The appeal of Pennywise, too, is not such a riddle in isolation. A modern human truth is that clowns are scary and people love to be scared by clowns. There’s little to be asked of either the reveler or the observer for a successful experience with this setup. IT was an alright movie, certainly better than most people were expecting, and again, sometimes that’s all the signal you need to chime the bells. There’s no reason to be upset if your child comes home with a C+ on their report card when you were expecting a D. Whether it’s advisable for you to throw that kid a party over it or not is a question we’re apparently not well equipped to deal with as a people, so I’m not going to answer that one for you either. The upshot is that if you’ve seen The Dark Knight or observed a Juggalo in the wild you won’t have a hard time fathoming that we have a hard time keeping Pennywise masks and costumes in stock.

So yes, by themselves it is not a curious thing that Wonder Woman and Pennywise would be such popular Halloween costumes. But put them together, talk to one patron who asks “where are your Wonder Woman costumes” and then another straight behind her who wants to know “if the new IT costumes came in” and one becomes aware of a strange odor. A Halloween costume is worn primarily to reflect taste — tacky, erudite, vulgar, unsettling, lascivious, any combination of these and infinite others — and these are the two tracks that the tastes of many have found themselves girded to this year. It’s a curious pairing to observe.

They were two of the most popular movies that came out this year, I know, but I don’t think it’s just that. The films have little in common, but notice that both of them come from kind of a hollowed out place: Wonder Woman is a comic book character from a world of verve and whimsy that finds herself burdening expectations of mature significance from filmmakers and audiences alike that she is not constructed to be able to bring to bear; Pennywise is a clown, which for most of history was a fun happy thing to be until it decisively became the extreme opposite of that in the popular imagination. The palettes of both films reflect this as well, using what should be loud primary blues, reds and yellows and saturating them into something that looks not dissimilar to a three year old’s first paint set after a disastrous adventure in color hybridization.

In 2015 the pace and color of popular film was a lithe step wearing a bright beige: Furiosa from Fury Road and Rey from The Force Awakens were the stars of the day. Two years later it’s a pair of lugs rumbling their way through a graveyard color wheel. Two beasts, absurd in their gruesome pantomime of Fun, that managed to pass above dismally low expectations to become something resembling modern classics. Love feels truer when it comes unexpectedly: DC has been trying to make Wonder Woman stick in the same way Batman does for decades, and now she’s the only member of the DC cinematic universe anyone can stand. What better represents the significance of Halloween dress-up, something old and familiar (your own flesh and mind) draped in something new and exciting (the skin you wear for the evening)? Become Pennywise and you are you, representing something that can become anything.

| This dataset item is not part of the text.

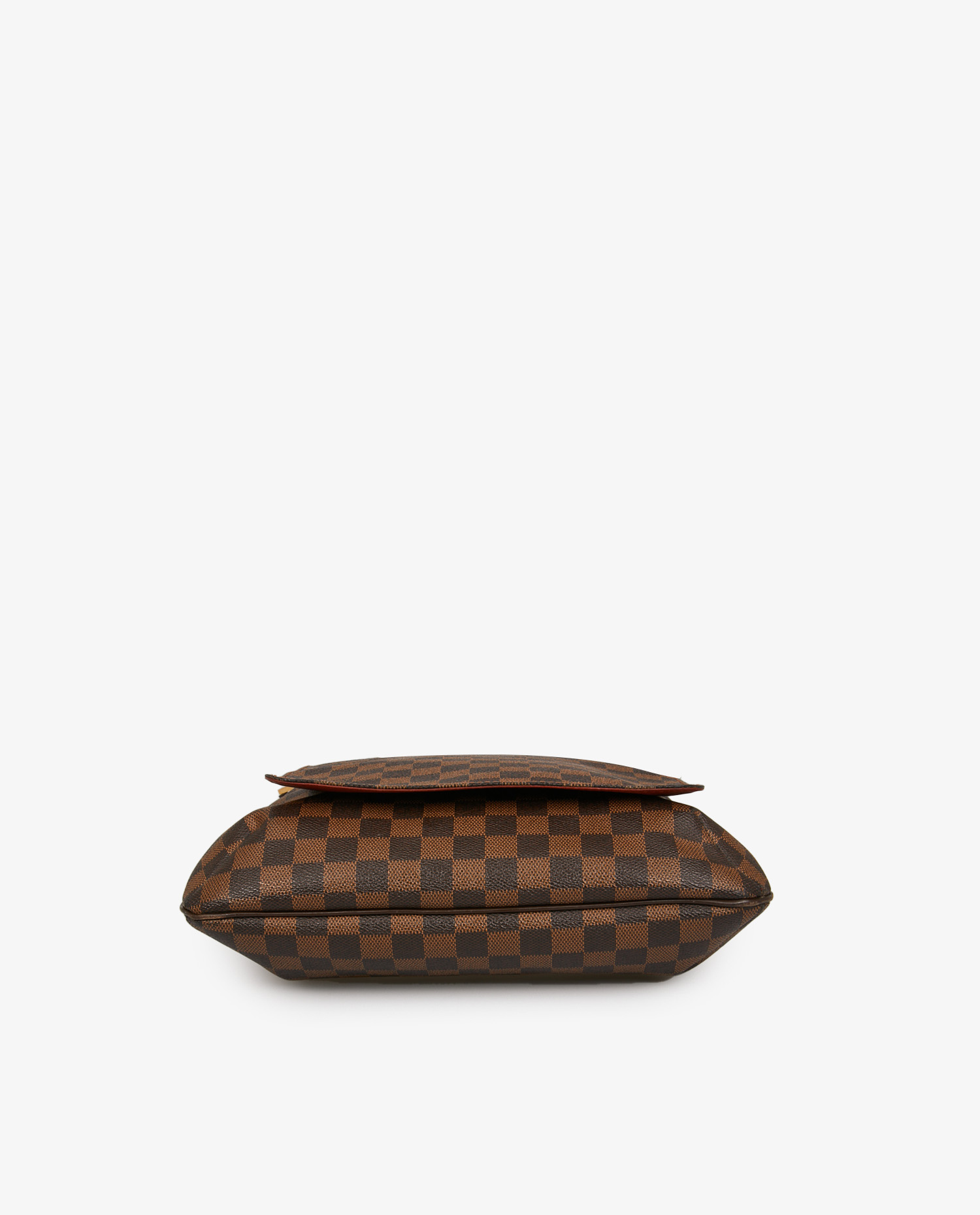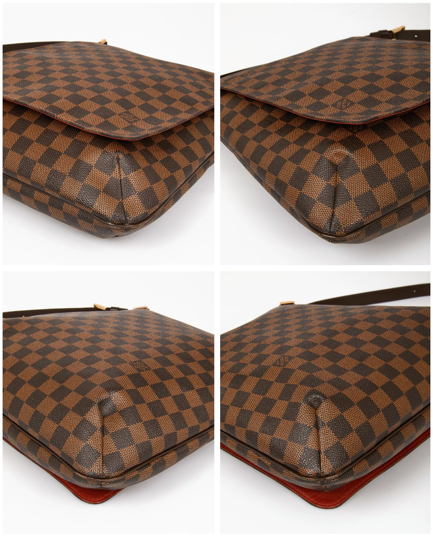 The bag is made from moisture- and scratch-resistant Ebony checkerboard-coated canvas. Its flap without zipper reinforces its fluidity of use, while the flat base guarantees a good hold when empty. The corners are reinforced by sturdy stitching, and the slim shoulder strap in smooth brown leather is adjustable with a Louis Vuitton engraved gold buckle. The metal finish has a light patina consistent with regular use. There are no ostentatious logos on the front, contributing to the sobriety of the design.

People like you already!

There’s not much we can do at the costume store but guess at the popularity of specific assumed identities and accommodate for them as best we can. It can be hard to tell what we’ll need to stock up on and difficult to amend our customer’s needs when we sell out. There’s a single K-2SO costume — the droid from Star Wars: Rogue One — loitering on our Space wall, untouched for months, but if he sells, a grey bodysuit and a motorcycle helmet will likely have to make a distant second best for the next person who wants to dress up as him. Wanting something to be good can almost have the same effect as something being good, but desire can ultimately only take you so far.

The image of an object in contest with its nature. A small crisis, but a crisis nonetheless.